Once the younger contingent has been knocked out from contention after Super Tuesday, the field of U.S. presidential candidates featured Trump on the Republican side and four Democrats: Joe Biden, 78, Bernie Sanders, 79, Mike Bloomberg, 78, and Elizabeth Warren, 71. Bloomberg has since dropped out and so did Warren, the baby of the group. The nomination looks to be sewn up by Biden, the frailest, saddest and least inspiring retread from the Obama era, but even Sanders, the favorite of America’s young people, is but a throwback to the Students for a Democratic Society days of the 1960s.

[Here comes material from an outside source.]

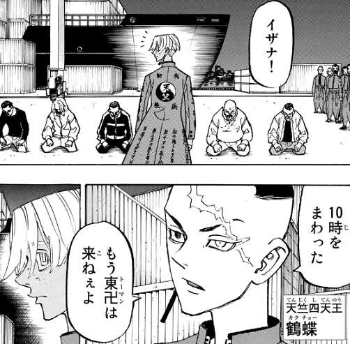 横浜第7埠頭で東卍を待つ天竺ですが、既に10時を回り東卍は抗争にはもう来ない、と鶴蝶はイザナに伝えます。三ツ谷とスマイリーは班目と竜胆が、壱番隊はムーチョが潰し、そしてマイキーとドラケンはエマの死によって戦意喪失した事により、東卍は何もできないと天竺のメンバーから思われていました。

It is not just the end of an era; it is the ultimate exhaustion of a political system. Not surprisingly, it is starting to collapse under pressure from the right. A criminal known as Individual One is in the White House. He and his cronies are up to their ears in ties with the government and common thugs from a hostile foreign power which helped put the current US President into the White House. The system of checks and balances is broken. The independent judiciary is trashed. Corruption and self-dealing are accepted as a new norm. The independent media is attacked as “enemies of the people” when it tries to report the truth. The country is hopelessly split along racial lines and between urban and rural, coastal and inland and other characteristics.

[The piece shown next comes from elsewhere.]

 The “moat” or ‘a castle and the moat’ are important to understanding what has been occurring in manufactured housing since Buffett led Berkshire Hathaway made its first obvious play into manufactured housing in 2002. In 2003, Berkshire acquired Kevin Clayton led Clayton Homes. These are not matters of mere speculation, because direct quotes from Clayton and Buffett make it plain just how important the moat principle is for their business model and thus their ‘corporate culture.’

America has a considerable room for error, which Trump has skillfully exploited. Unlike the Soviet economy, the United States is an economic powerhouse that should give its political system more time to rot. On the other hand, global competition has intensified, climate change has generated new challenges and the internet and social media have provided a platform for radicalizing and organizing large groups of the population.

The new decade is starting with political stagnation and a breakdown of social and political institutions. But once this generation of leaders is gone, a very different United States will emerge — by the end of the 2020s at the latest, and, probably, already by the country’s 250th anniversary in 2026.